1) I could be AS with comorbid ADD
2) I could have a lot of learning problems along with my AS (certain learning disabilities like dyscalculia are common)
3) I could have more profound Executive Dysfunction, than others

The other thing is that folks tell me I don't think logically/practically.  True enough, I seem to be more impulsive/distractible, and common sense (logic/pragmatism) is skipped over.  But I don't see why this would be so uncommon.

My research shows that some with AS may be "more right-brained" or "creative/divergent-thinking," instead of logical/practical.

If I understand things correct, you like me, is a grown up man with a god portion of social experience and history of trying to adapt and fit in. Could it be that some of the original symptoms and criteria for a secure diagnosis is disturbed, manipulated or even created by this "wrong kind of" social stimuli?

I don't feel very human, I feel more like a reptile; heck, my baseline body temperature is even 3-4 degrees lower than normal (95.6-94.5 usually).  As to which one specifically; a dragon, and don't look at me like that, there's only about a 15% chance they didn't exist at some point in history. (as to the lack of evidence for them, there's been so much geological change on this planet that evidence of entire civilizations or heck, even technologically advanced species could have been wiped out and we'd never know)

Ookea Wrote:
.., my baseline body temperature is even 3-4 degrees lower than normal..

Hm.. Me to!
Strange, I thought it came from the viking bloodline in my family.
Anybody else have a lower than average body temperature?

silky Wrote:

Did you see the pictures of that guy who had his body surgically modified so he'd look more like a lizard?

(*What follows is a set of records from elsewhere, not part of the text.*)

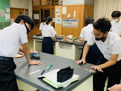 理科 電流と磁界について学習しています。電流や磁界は目に見えにくいので、コンセントなど生活体験と繋げて学んでいます。
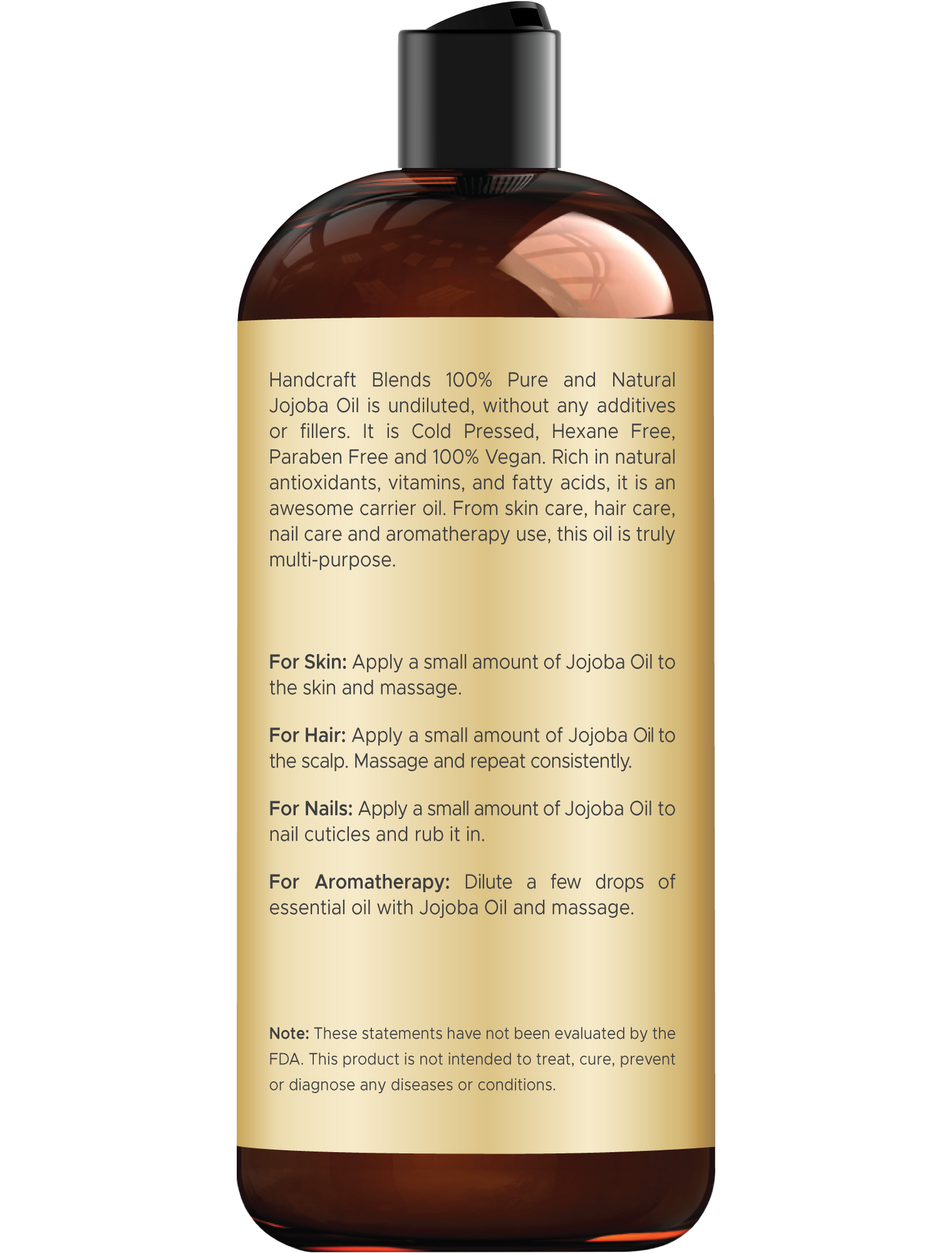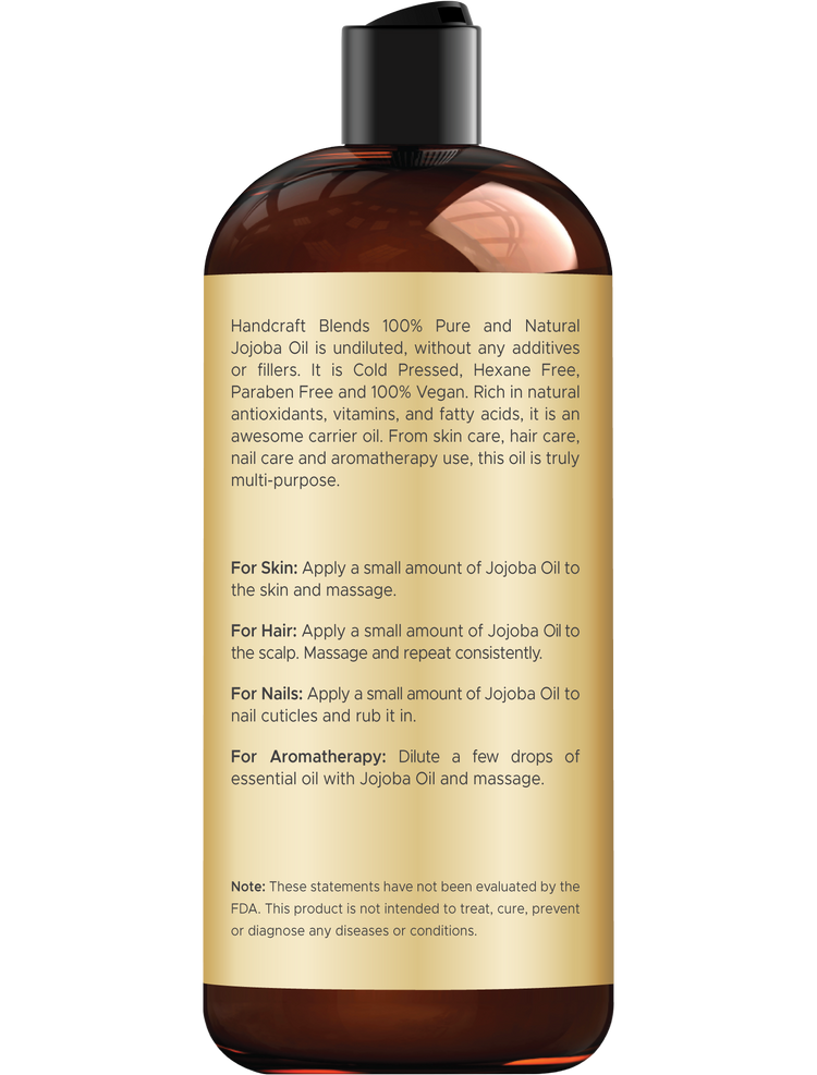 - COLD PRESSED NATURAL JOJOBA OIL - Our pure jojoba oil is extracted from the jojoba seeds using cold pressed extraction method. It is most used for aromatherapy, massage and as a hair and skin moisturizer. Our premium quality jojoba carrier oil is hexane free, preservative free, chemical free and 100% vegan.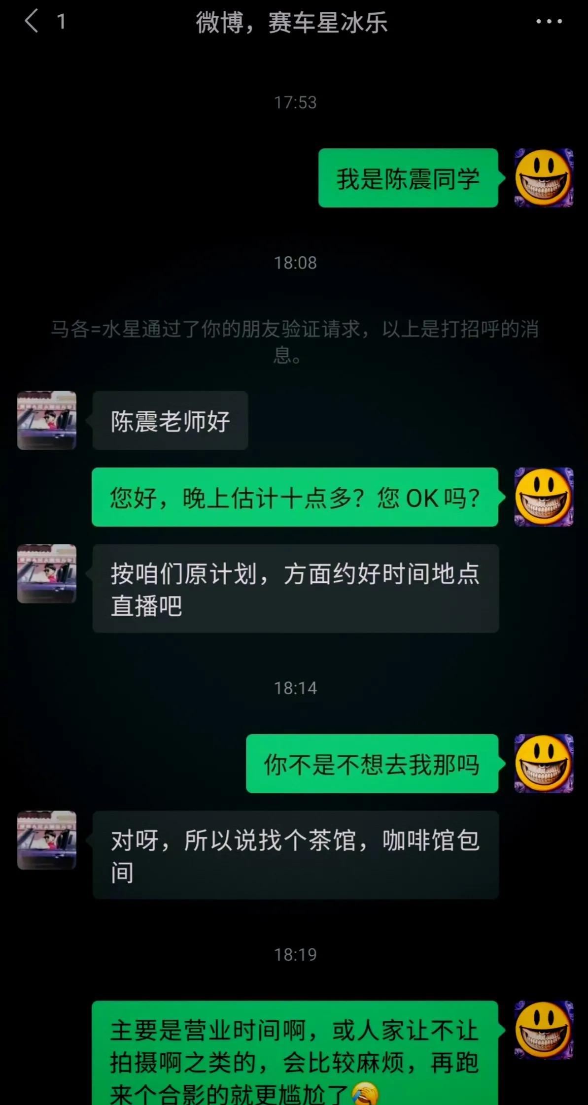 车评圈最大的盛事,陈震同学线下对线黑粉头赛车星冰乐。 就小米和法拉利事件展开友善和谐的谈论。 门头沟明晚8点,准时开赛。 网友建议找大保健韩路做主持人。 最后,辩论赛会不会变成八角笼UFC,拭目以待!

Yea, even saw a few specials on him on discovery and national geographic, loved the horns.

Mjølner: My mother does too, and as far as where it comes from, I'd never find out, my maternal grandmother's family is like a Heinz 57 variety, you name an ethnicity and it's in there.

wilky Wrote:

Noetic Wrote:
I wouldn't know what it's like to feel like anything or anyone other than myself. What a strange question, how is one meant to answer this?


Thankyou for pointing this out.
To know whether you feel "as human as an NT", or "feel any different," surely you have to experience being NT before you can draw any comparisons and conclusions?
If you are either NT or AS, how can an aspie or someone neurotypical say they feel different from something they have never experienced?
There is no logic to this.


Do you like the usual and common things that most people do?  ...if not, It could be a noticeable difference.
You don't have to be a Horse to know that you feel different from a Horse? ..am i wrong?
I feel very different from very social people. I don't understand their urge to be with other people as much as possible. Do I have to be hyperscosial  first to be able to feel different?